Asp Forum - [ANN] ndb Object-Relational Mapper

George Moschovitis

10/7/2004 11:12:00 AM

= n/db README

== Table of Contents

1. Introduction
2. Features
3. Sample Code
4. Technical Information
5. Links
6. Current Version and Status
7. Future
8. Feedback
9. Licence

== Introduction

The aim of this project is to deliver an efficient, yet simple,
Object-Relational Mapper Library. The library manages the
lifecycle of standard Ruby objects. Unlike similar projects, our
approach requires neither xml configuration files (i.e. J2EE), nor
SQL definitions (i.e. ActiveRecord).

By defining the Managed Objects (or Entities) using Ruby, we
leverage Ruby's OOP features to allow for OO definitions of DataBase
schemas. A simple meta-language is provided to allow fine-tuning
of the generated SQL code.

This library is designed to be integrated in a Web Application
Framework.

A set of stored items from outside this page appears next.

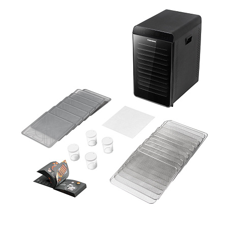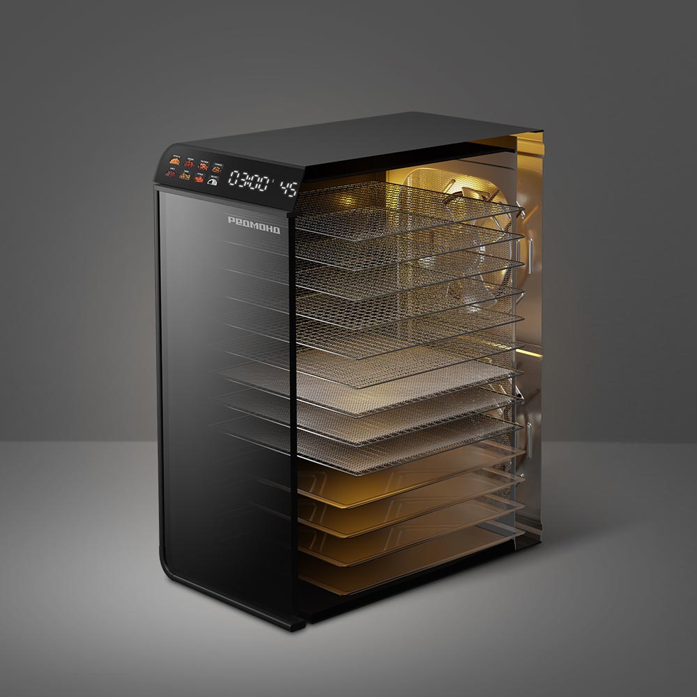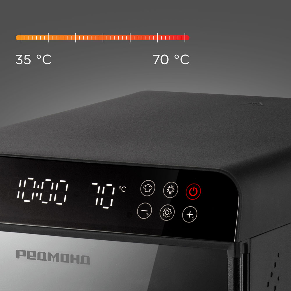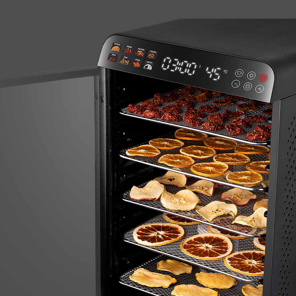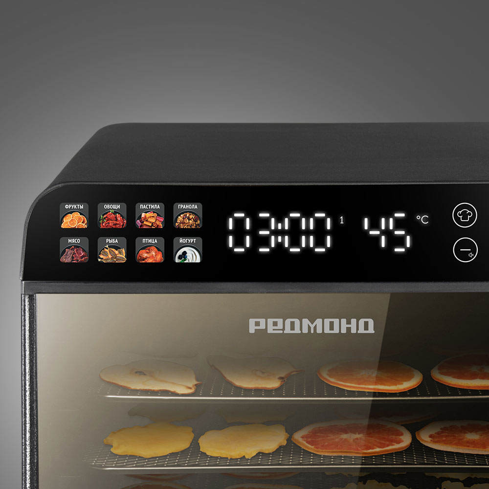 РЕДМОНД FD1104 — вместительный и технологичный дегидратор для бережной сушки овощей, фруктов, грибов и ягод, а также приготовления пастилы, вяленого мяса, рыбы и домашнего йогурта. Благодаря мощности 1100 Вт, 12 уровням сушки и системе DUALHEAT с двойным горизонтальным обдувом продукты равномерно высушиваются, сохраняя вкус, аромат и витамины. Цветной сенсорный дисплей и 8 автоматических программ делают работу интуитивной, а корпус из нержавеющей стали и продуманный дизайн гарантируют надежность и удобство.
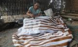Perajin menyelesaikan pembuatan batik di Desa Klampar, Pamekasan, Jawa Timur, Rabu (31/3/2021). Puteri Indonesia 2020, RR Ayu Maulida Putri akan mengenakan produk unggulan batik Pamekasan yaitu (FOTO : ANTARA/Saiful Bahri)
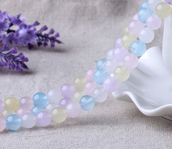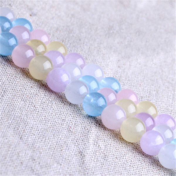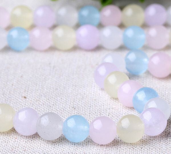 [EasternStar] 海外発送 人造石 モルガン カルセドニー モルガン玉髄 Chalcedony 玉サイズ10mm 手作り 1連売り 長さ約40cm
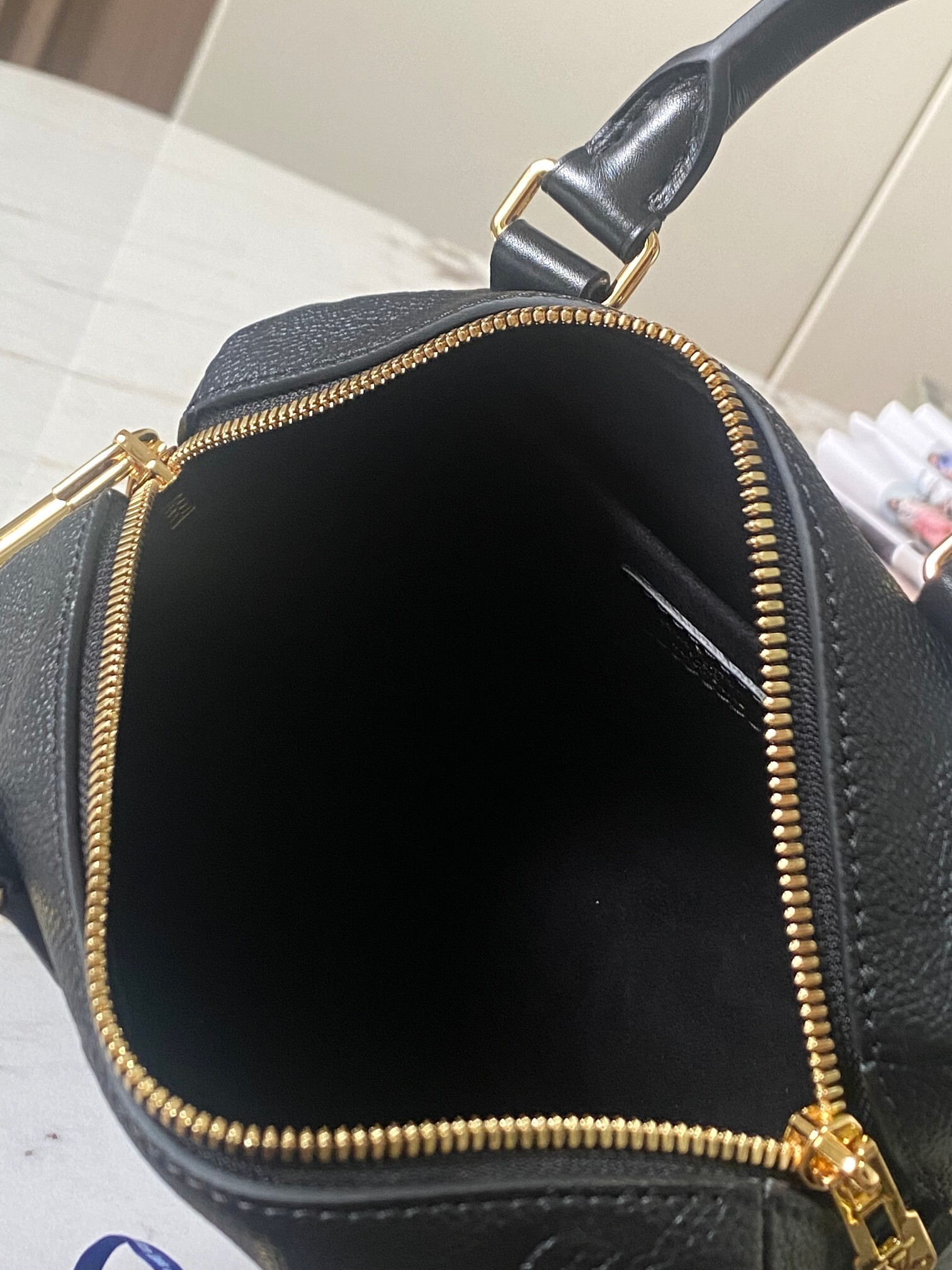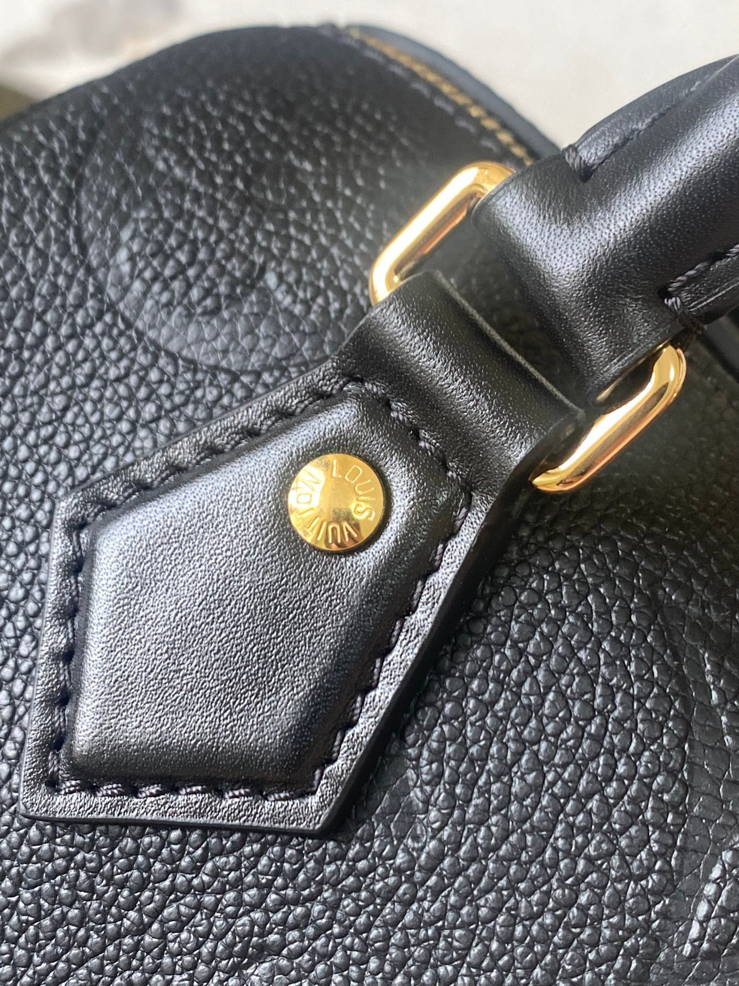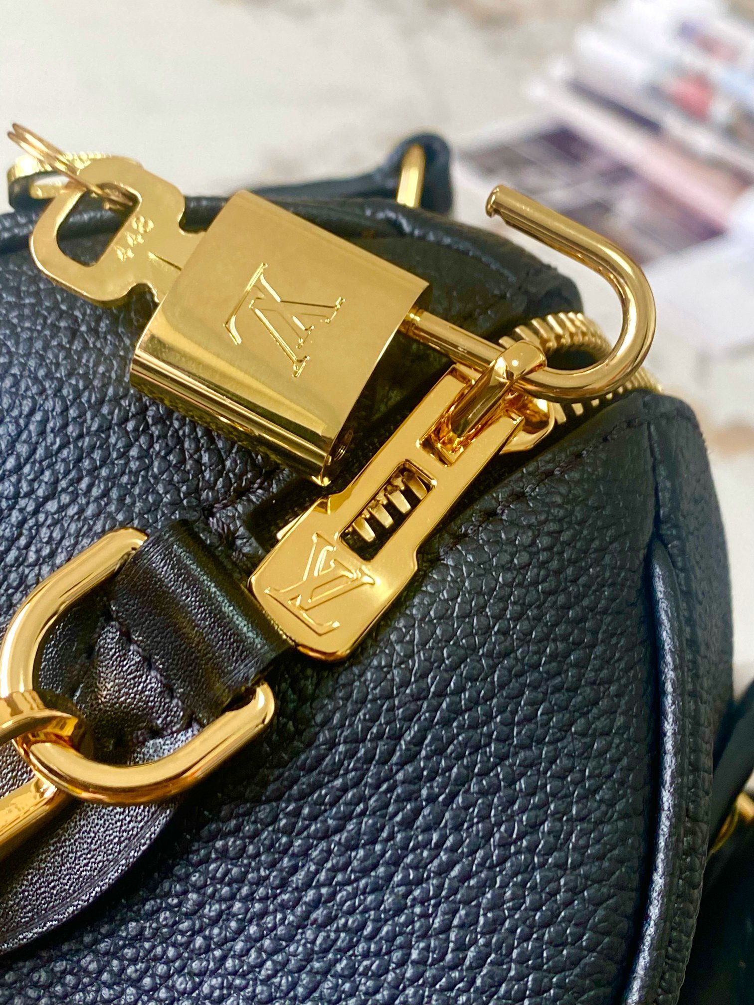 The Speedy Bandoulière 20 is an on-trend compact handbag, just the right size to carry daily essentials. It’s made from smooth grained Monogram Empreinte leather, embossed with an Oversized Monogram pattern. The hardware and padlock are a golden color. It has a delicate chain strap – removeable and adjustable – in addition to two Toron handles.

This Framework will be released on a later day.

== Features

The library provides the following features:

+ Object-Relational mapping
+ Deserialize to Ruby Objects or ResultSets
+ Deserialize sql join queries to Ruby Objects
+ Connection pooling
+ Thread safety
+ SQL transactions
+ Callbacks
+ Simple support for cascading deletes

== Sample Code

require "n/db"

# initialize the DB interface
$db = N::Db.new(
:address => "localhost",
:database => "test",
:user => "postgres",
:password => "mypassword",
:connection_count => 20
)

# create a managed object

class MyObject
include N::Entity
manage {
prop String, :name
prop [Fixnum, "smallint default 1"], :level; sql_index :level
}
# non serialized attributes
attr_accessor value
end

class AnotherObject < MyObject
manage {
prop Time, :create_time
}

def initialize
@create_time = Time.now
super
end
end

obj = AnotherObject.new
obj.name = "gmosx"

# insert into db
$db << obj

obj.name = "drak"

# update
$db << obj

# get object id allocated when inserting
oid = obj.oid

# lookup
obj = $db.get(oid, AnotherObject)

# multiple commands

$db.open { |db|
obj = db.get(oid, AnotherObject)
db.delete(obj)
db.select("SELECT * FROM #{AnotherObject::DBTABLE} WHERE oid=1")
}

# graph like objects

class Child
include N::Entity
include N::Child
manage {
prop Time, :create_time
}
end

child = Child.new
child.set_parent(obj)

$db << child

# get children of class Child

$db.children(obj, Child, "ORDER BY create_time")

# sql transactions

$db.transaction {
....
}

== Technical Information

=== Installation

Just uncompress the distribution and add the 'n' directory to
the Ruby path.

tar xvfz ndb-x.x.tar.gz
cd ndb
ruby n/.tc-db.rb

=== How the package is organized:

doc/*:
RDOC generated documentation.

n/db.rb:
The main n/db file.

n/db/*:
The db related files.

n/utils/*:
Various utility files.

=== Testing:

Unit Test files start with the .tc- prefix, i.e. they are hidden
by default (Unix). You can run the db test unit as follows:

ruby n/.tc-db.rb

Before running this test unit, make sure tha the postgreSQL server
is running, and the 'test' database is created.

== Links

* http://ww..., Navel
* http://ww.../open-source, Project Home Page

== Current Version and Status

Version 0.2 was released on 07-10-2004. The sofware is actually usable
but not tested in a production environment. Comments from the Ruby
community are critical in order to fix possible bugs and improve the
API. Suggestions for missing features are also welcome. This version
only supports the Postgres Database.

== Future

* Support multiple DataBase backends (Postgres, MySQL, ...)
* Support prepared statements (pgsql)
* Support stored procedures (pgsql)
* Support caching
* Deserialize to OpenStruct
* Better documentation
* Code cleanup, refactoring

== Feedback

If you would like to report a bug, suggest a method for inclusion, or
make
some other suggestion (documentation, package layout, etc.), please
send
an email to ndb-feedback@navel.gr

== Licence

Copyright (c) 2004 Navel, all rights reserved. http://ww...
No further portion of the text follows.